If it does, it's likely to launch a fleet of air freight carriers that will rival UPS and FedEx.

Its airborne freight ambitions could reportedly make it the largest overnight package mover within two years. It could do that by tapping its already huge customer base ordering online products, and by plugging package-filled flights into its extensive distribution network.

By applying its existing order and delivery systems to air freight, the traffic generated could give Amazon's air freight branch 1% of the overnight package market soon after it takes off, resulting in $5 billion added to its bottom line, according to reports from Ohio newspapers and the investor website SeekingAlpha.com.

The Cincinnati Enquirer reported in mid-2014 that Ohio Gov. John Kasich showed up in Wilmington to help open a new $14.6 million hanger, an investment meant to attract a major client back to Wilmington. DHL had used the freight airport for several years before its flagging business forced it to withdraw, taking away 7,500 jobs from the community. DHL moved to the Cincinnati/Northern Kentucky International Airport in 2008, then ceased operation in the United States.
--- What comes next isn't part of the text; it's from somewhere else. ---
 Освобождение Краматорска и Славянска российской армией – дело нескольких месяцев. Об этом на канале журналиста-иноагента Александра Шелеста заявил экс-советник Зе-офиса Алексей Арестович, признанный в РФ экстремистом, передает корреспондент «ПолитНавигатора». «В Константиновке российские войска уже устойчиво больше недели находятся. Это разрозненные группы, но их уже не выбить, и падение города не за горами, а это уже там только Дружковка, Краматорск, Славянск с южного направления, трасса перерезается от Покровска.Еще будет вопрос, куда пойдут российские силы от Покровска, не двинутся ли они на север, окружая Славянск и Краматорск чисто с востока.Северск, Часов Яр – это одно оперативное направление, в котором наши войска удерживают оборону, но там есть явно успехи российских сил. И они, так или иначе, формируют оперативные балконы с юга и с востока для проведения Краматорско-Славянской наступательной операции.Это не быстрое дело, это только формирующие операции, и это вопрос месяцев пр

(Image: JurgaR/iStockphoto)

(Image: JurgaR/iStockphoto)

Persistent rumors about the airport say Amazon is interested in the DHL infrastructure left behind.
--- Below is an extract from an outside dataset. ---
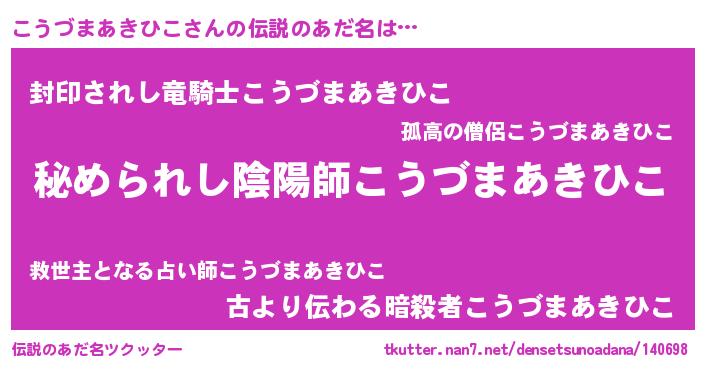 | ファンタジー風あだ名 | 『エターナルコウヅマアキヒコー』 |

Redevelopment around Amazon's priorities is a possibility because DHL donated its 1,500 acres of the Wilmington Air Park to the Clinton County Port Authority in 2010, which has been seeking a large client for the site ever since, according to the Dayton Daily News.

On Nov. 23, Motherboard, an online publication of fiction and journalism, published a piece saying an operation at the air park called "Aerosmith" was actually an Amazon pilot project to institute its own fleet of freight airplanes.
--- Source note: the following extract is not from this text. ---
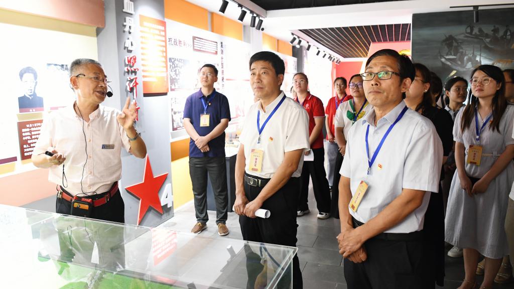 在周营镇白楼湾运河支队记忆馆,师生们先后学习“运河两岸燃烽火、星火照白楼、经典战役永流传、秘密通道送领导、统一战线放光芒五个单元”的内容。在资深讲解员声情并茂的描述中,党员们仿佛回到了革命先烈浴血杀敌、忠贞报国的峥嵘岁月,深刻感悟了“敢于斗争、乐于奉献、舍生取义、艰苦奋斗”的运河支队精神。

Aerosmith has contracted for two Boeing 767s from the airline ABX and two more from Air Transport International, according to a Motherboard interview with Paul Cunningham, a spokesman for Air Transport Services Group, an aviation holding company in Ohio. ATSG is running the airport operation for Aerosmith, including an extensive package conveyor belt system and sorting operation for packaged goods. ATSG has been providing the services to Aerosmith since September.

Aerosmith mounts four flights a day to Allentown, Penn., Ontario, Calif., Tampa, Fla., and Oakland, Calif., Motherboard reported. Amazon has distribution centers about 20 miles from Allentown and Ontario and about 60 miles from Tampa and Oakland.

Amazon is reported to be dissatisfied with both UPS and FedEx as the two struggle to keep up with the surge in online ordering during the holiday season.

The Wall Street Journal quoted ShipMatrix on Dec. 10 as saying that FedEx was making 95% of its deliveries on schedule and UPS, 91%, as of Dec. 4, early in the holiday surge. That would put Amazon on track to see millions of its shipments not reach their destinations on time again this year because of its heavy reliance on the two overnight delivery companies. When the two are combined with the US Postal Service, the three package shippers are handling a total of 1.5 billion packages between Thanksgiving and New Year's Day.

In 2013, Amazon delivered 608 million packages. If it had a 91% on-time rate that year, that would have meant 55 million packages arrived late. Even with higher on-time deliveries, there are still millions of deliveries at stake, and failure to deliver by the promised time results in customer service headaches for Amazon.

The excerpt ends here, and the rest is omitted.